ナントカラインでまとめられてもな。細かなことを気にしないので、美穂の話の中にはそれなりの頻度で「ナントカ」という表現が出てくる。それでも付き合いが長いので、真太郎には美穂の言わんとすることは大概分かってしまう。そう言えば、ディズニーリゾートの周りを一周する独自のモノレールがあるとガイドブックにも書いてあった。なんて言ったっけ、と真太郎が記憶を探っていると、

「それに駐車場のコーナーの記号からTとかGとかだし」

 美穂が言った。すでに次の話題に移ったようだ。まあいい。真太郎は合わせる。

「ここは確かGだったよな。で、それがどうしたんだい。ただのアルファベットだろ」

「GはグーフィのGでしょ。Tはティンカーベル。表示プレートにイラストあったじゃない。気付かなかったの」

 確かに、ところどころに配置されている緑色の案内表示には、アルファベットよりも大きくグーフィの顔が描かれている。
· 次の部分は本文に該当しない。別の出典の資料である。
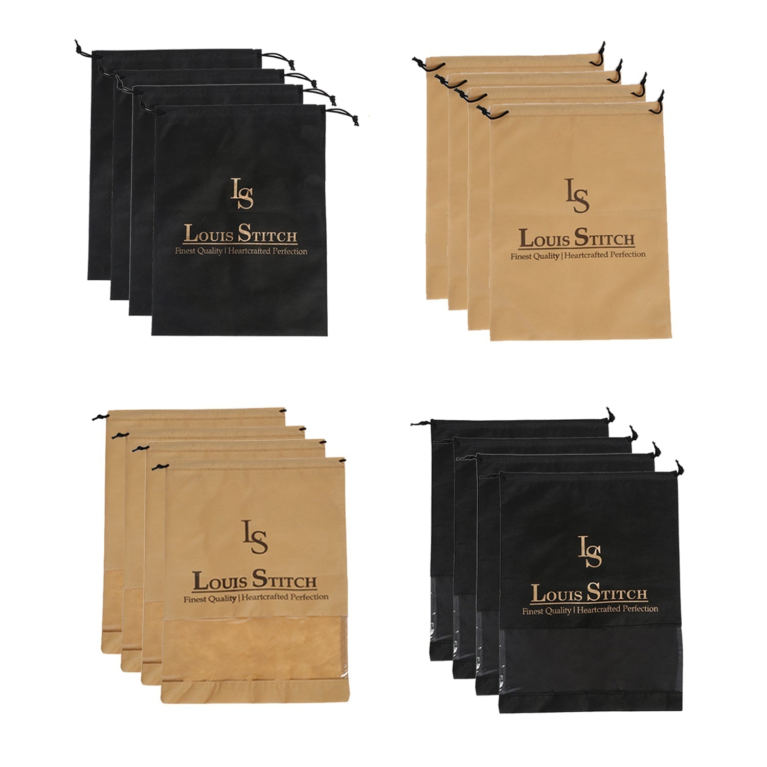 This pack of Non-woven Shoe Bags is a great way to carry your essential items in style. It is labeled as a shoe bag, but it really is a handy carrier for so many other things. It can be your make-up bag, toiletry bag, bag for gym accessories, etc. It is a convenient bag to buy for multi-dimensional usage. Its material is breathable and odor-proof, making it a safe bag to carry your shoes and other essential items in. It can fit footwear of all types including shoes, sandals, slippers, crocs, flip-flops, sneakers, hiking shoes, etc. This set comes in multiple combos of Shoe Bags, giving you plenty of options for when you have to move items in bulk.

気付かなかったの、と言われてしまうと身も蓋もないが、その通りだった。それにしても、駐車場のコーナー記号にまで、気を配られているとは思ってもいなかった。

「やっぱりディズニーランドはひと味違うわ」

「そうだな」

 多分、美穂が感じている「ひと味違う」とは温度の違いがありそうだったが、とりあえず、同意しておいた。真太郎としても関心の強い場所ではあったが、美穂の入れ込みようといったら桁が違う。まあ、つまらなさそうにされるよりも何百倍もいい。


 メインエントランスを抜けるとアーケードがあったが、一般の商店街などにあるそれに比べると屋根がずいぶん高く、広々としていてちょっとしたホールと言った方が近い。両側にグッズショップが並んでいて、開園早々だというのにすでに何人かの客が入っている。来たばかりで土産っていうのもな、と思いながらその様子を横目に見ながら進んでいた真太郎の隣で、美穂の方はよそ見をすることなくまっすぐに前を見て、しかも少々早歩き気味に歩いている。
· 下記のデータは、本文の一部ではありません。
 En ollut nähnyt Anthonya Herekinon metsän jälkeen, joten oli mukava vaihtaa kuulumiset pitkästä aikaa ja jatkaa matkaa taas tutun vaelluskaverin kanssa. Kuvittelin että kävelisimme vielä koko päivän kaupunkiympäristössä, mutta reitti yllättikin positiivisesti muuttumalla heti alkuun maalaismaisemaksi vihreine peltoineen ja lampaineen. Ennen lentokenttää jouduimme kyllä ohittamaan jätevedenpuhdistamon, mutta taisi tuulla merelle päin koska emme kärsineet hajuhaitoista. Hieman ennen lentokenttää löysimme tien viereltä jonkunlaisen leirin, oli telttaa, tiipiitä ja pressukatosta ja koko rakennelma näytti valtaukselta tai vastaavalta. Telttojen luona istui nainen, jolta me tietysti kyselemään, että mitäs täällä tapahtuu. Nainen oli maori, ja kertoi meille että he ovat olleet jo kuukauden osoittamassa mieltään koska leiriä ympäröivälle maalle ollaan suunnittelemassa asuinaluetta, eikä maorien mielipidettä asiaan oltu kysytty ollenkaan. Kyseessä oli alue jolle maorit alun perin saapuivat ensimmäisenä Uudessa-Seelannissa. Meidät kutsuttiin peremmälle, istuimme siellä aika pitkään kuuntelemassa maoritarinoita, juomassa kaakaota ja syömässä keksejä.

 アーケードを抜けると、正面にはシンデレラ城が見えた。その背景にはやはり青く光る空が広がっている。夢に見ていたのと全く同じ景色だった。しかし、夢の中で隣にいた女性が髪をポニーテールに結んでいたのに比べ美穂はショートボブで、今日は少しだけ、外側にはねさせている。そもそも、隣というよりすでに半歩以上真太郎の斜め前を進んでいた美穂は、シンデレラ城を見上げるのではなく、立ち止まってスマートフォンの画面に見入っている。予定していた通り、まずはファストパスを確保してから効率的に動こうというのだろう。夢とは反応からして違っている。じゃあ、夢に出てきたあの女性は、一体誰なんだろう。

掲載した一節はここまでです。